Never assume that the bank clerk or financial advisor have your best interest in mind when they are advising you. Many of them are nothing more than glorified salesmen that makes money by selling bad products.  A financial advisor does not have to recommend what is best for you. They can, an often will, recommend whatever service earns them the highest commission.  This is why so many many advisors recommend annuities.  Annuity companies pay the financial advisor 2-4% when you invest in an annuity.

Always visit a fiduciary if you want financial advice.  They have a responsibility to recommend what is best for you.  Always ask the advisor if they are a fiduciary.  If they say no or if they avoid the question, then you should find someone else.

Credit Cards

Credit cards can give you financial freedom and can be a great tool that helps you balance your economy. They can also become a financial burden that cripples your finances.

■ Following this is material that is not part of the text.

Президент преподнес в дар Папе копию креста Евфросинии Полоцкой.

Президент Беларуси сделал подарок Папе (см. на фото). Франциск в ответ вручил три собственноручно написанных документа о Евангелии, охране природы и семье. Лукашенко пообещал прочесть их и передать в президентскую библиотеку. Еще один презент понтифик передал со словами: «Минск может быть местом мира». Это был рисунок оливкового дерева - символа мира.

You can avoid the credit card debt trap by always remembering two key rules:

  • Choose your card wisely.  There are a lot of different credit cards on the market, and they offer very different conditions.  Your goal should be to find a card that offers a low APR and 60-day free credit.  A 60-day free credit allows you to balance your economy if you are a little short one month without having to pay interest or other fees.
  • Use your card responsibly. Never use a credit card to buy things you can not afford. That you do not need. Your goal should always be to be able to pay off the entire bill at the end of the month.  If you need to charge more than you can afford to pay that month, then your goal should be to be able to pay the debt during the free credit period. Avoid accumulating debt that accrues interest.


Sometimes, you need to borrow money to be able to afford what you need in life. You should always avoid borrowing money for private consumption. If you do consider taking a loan, then you should ask yourself if you really need the thing you want to buy.  Do you really need a boat or a new car?  Perhaps you can buy a cheap used car that you can afford without taking out a loan.

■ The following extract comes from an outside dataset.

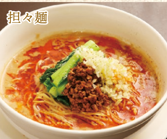
担々麺 Tan-Tan Noodle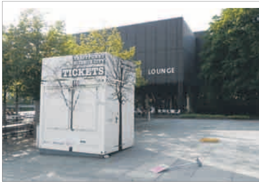
Das Personal des Info-Containers wird für Fragen zur Verfügung stehen.

If you decide that you want to lend money to be able to buy something, then it is very important that you make sure to compare different loans and apply for the cheapest one.


You will need a mortgage if you want to buy a house. Very few people are lucky enough to be able to buy a house without a mortgage.  The few who are able to buy a house without a mortgage often chose to take out one non the less.  Mortgages often have low interest rates, and it can often be better to invest your money than to use it to buy a house.

Property is considered very good collateral. Mortgages are, therefore, cheaper than other types of loans.

The US offer special loans for Veterans.


You should always think about the future and try to save money for the future.  By saving money today, you can insure a richer future. You should always strive to get a good return at a modest risk.  The younger you are, the more risk you can accept.  I do, however, always recommend long-term, low-risk investment strategies.  Becoming rich will take 20-30 years, but you are almost guaranteed to get there.  Faster methods are more likely to fail.

If you want to try to make money fast by trading CFD certificates, penny stocks or binary options then i recommend that you only use a small portion of your savings to do so.  10% or less.  This way, you still have money if you fail to make money trading.

Always make sure to read reviews of different brokers  (CFD and binary options) before you deposit money to trade.  Otherwise, you might get scammed.

Spotting scams

Navigating the world of finance requires caution as scams have become increasingly sophisticated. One key sign of a finance scam is an offer that sounds too good to be true, like guaranteed high returns with low risk.

Scammers often pressure their targets to make hasty decisions by creating a sense of urgency, insisting that the “once-in-a-lifetime” opportunity will disappear soon. This is never true.

They may also downplay risks or suggest they have special information (a lie), often presenting themselves with fake credentials or boasting about their association with reputable institutions.

Communication from scammers may have noticeable spelling and grammar errors; however, good use of language is no guarantee that it isn’t a scam.

Another red flag is a lack of transparency. Legitimate investment opportunities provide documentation and are typically registered with financial regulatory bodies. If you cannot find any verifiable information about the company or if they’re avoiding direct questions about their operations, be wary.

Being asked to provide money upfront, especially if the payment methods are irreversible, like cryptocurrency, Western Union or gift cards, is a classic hallmark of a scam.